Good point. No, not the same way. I just compare alpha to 0.5, and UE does some more arithmetics (still in one line of code), which I didn’t look into deeply.
Could be. But in your image above, you’re looking at a top-down view. So all the trees are probably being plastered into the same split
With no tuning UE draws the scene with an ugly seam between shadow cascades which is well visible in moving camera, so first I tuned the camera to see 2 or 3 seams, and then verified that 3 or 4 splits are drawn into with frame debugger.
You could force UE to always use one split.
I tried, but unsuccessfully for now, will continue later. To be more specific, I made UE to use one split, but it looked like the less detailed one, because it rendered all the scene to only a small chunk of the shadowmap, and I didn’t find yet how to tune shadow bounding volume.
Syncing the shadow gen near/far between UE and your renderer may be very important for depth precision and fragment acceptance/rejection rate.
Good point too! I didn’t compare to UE yet, but made anothe experiment.

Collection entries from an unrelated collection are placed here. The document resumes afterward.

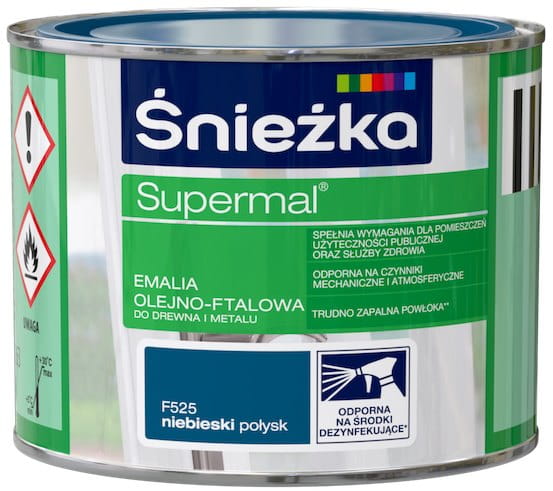 SUPERMAL® Emalia olejno-ftalowa stosowana jest do dekoracyjno-ochronnego malowania drewna, materiałów drewnopochodnych, tynków oraz elementów stalowych i żeliwnych użytkowanych wewnątrz i na zewnątrz pomieszczeń, takich jak: okna, drzwi, meble, ogrodzenia, lamperie itp. Polecana do stosowania w pomieszczeniach mieszkalnych, przeznaczonych na stały pobyt chorych w budynkach służby zdrowia oraz przeznaczonych na stały pobyt dzieci i młodzieży w budynkach oświaty, a także w pomieszczeniach przeznaczonych do przechowywania produktów żywnościowych (bez bezpośredniego kontaktu z żywnością).
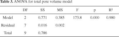 這個方程適用于微孔體積預測,用包含文獻中的數(shù)據(jù)和由我們獲得的數(shù)據(jù)的測試樣品進行評估。共測試了36個樣本。圖形比較(圖4)表明該模型具有良好的預測能力。該試驗樣品組的平均絕對誤差為0.05cm 3 g -1,平均相對誤差為16.4%。表2給出了模型的統(tǒng)計參數(shù)。
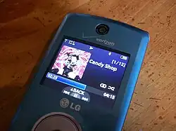 Here the LG Chocolate3 is shown playing music using the external screen.
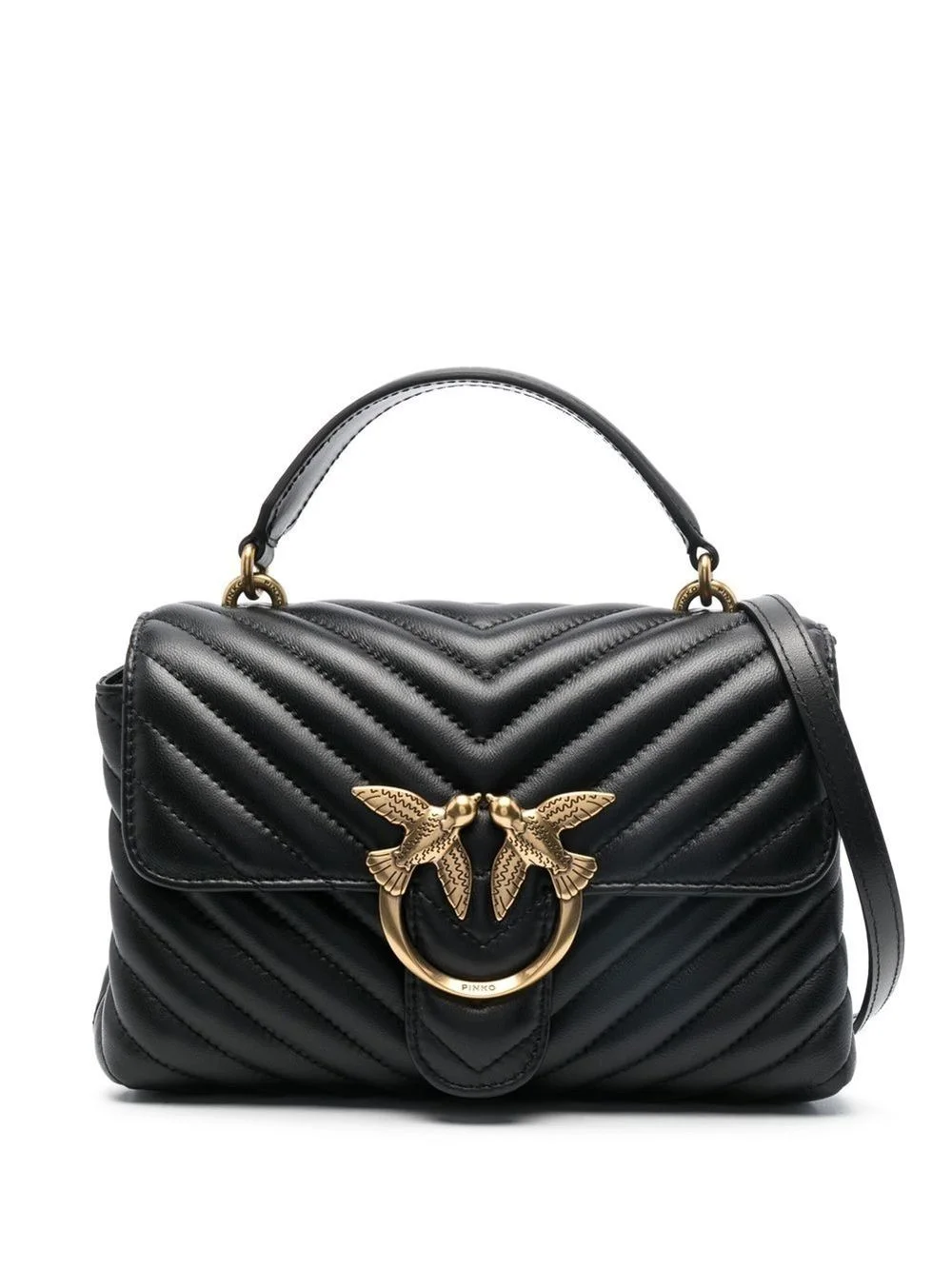 black calf leather chevron quilting gold-tone hardware signature Love Birds buckle single top handle foldover top adjustable detachable shoulder strap internal zip-fastening pocket - depth: 7.0 centimetres, handle: 6.0 centimetres, height: 12.0 centimetres, strap: 55.0 centimetres, width: 22.5 centimetres - Color: BLACK - Made in: China - Designer Style ID: 100044 A0GK Z99Q Composition and care Outer Composition Calf Leather: 100.0%

In my renderer it’s possible to “freeze” the shadow volume and look at it from aside. On the screenshots shadow near and far planes are horizontal planes of the grey volume, that is parallel to model’s quads and almost parallel to the sight vector. Left screenshot is what they were initially, and the right one is after tuning. I think both variants are good enough for 16 bits. For example, in the right screenshot the distance between shadow’s near and far is approximately 200, and distance between model’s quads is 5.
Could provide some useful clues
GL_FRAGMENT_SHADER_INVOCATIONS_ARB
should be the same as Shaded fragments
from the first post. In the first post I was talking about 140-150M of shaded fragments, while in the new sandbox I see the effect (fps drop and drain stall) on 50-60M of shaded fragments. The only difference of less fragments is that absolute FPS is higher.
I payed attention at GL_CLIPPING_INPUT_PRIMITIVES
and GL_CLIPPING_OUTPUT_PRIMITIVES
in the debugger from the very beginning, and it seems to be OK.
UE’s out/in ratio is usually lower.
Fow now I didn’t try only few things you advised:
- Bake instances into a single pseudo-instanced model.
- Make UE fill the whole shadowmap with one slice, and try to sync near-far distance in UE and my engine.
Will do it a bit later and report the results.